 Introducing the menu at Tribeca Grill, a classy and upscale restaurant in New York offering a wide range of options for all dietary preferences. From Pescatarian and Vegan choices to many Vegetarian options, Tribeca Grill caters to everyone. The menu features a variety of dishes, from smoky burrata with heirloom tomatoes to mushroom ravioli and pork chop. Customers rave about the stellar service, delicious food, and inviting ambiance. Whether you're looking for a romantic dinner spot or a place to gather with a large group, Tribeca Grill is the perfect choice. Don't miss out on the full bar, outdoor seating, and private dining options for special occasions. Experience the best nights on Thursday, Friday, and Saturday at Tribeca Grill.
=======
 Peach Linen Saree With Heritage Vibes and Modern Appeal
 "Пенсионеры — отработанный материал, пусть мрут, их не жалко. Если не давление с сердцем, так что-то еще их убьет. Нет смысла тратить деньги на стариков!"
=======
> **Exercise directions**
Among the entries above, copy exactly only the lines starting with the one containing "Peach Linen Saree" and going through the one containing "отработанный материал, пусть", both ends included.

> **Solution for this exercise**
 Peach Linen Saree With Heritage Vibes and Modern Appeal
 "Пенсионеры — отработанный материал, пусть мрут, их не жалко. Если не давление с сердцем, так что-то еще их убьет. Нет смысла тратить деньги на стариков!"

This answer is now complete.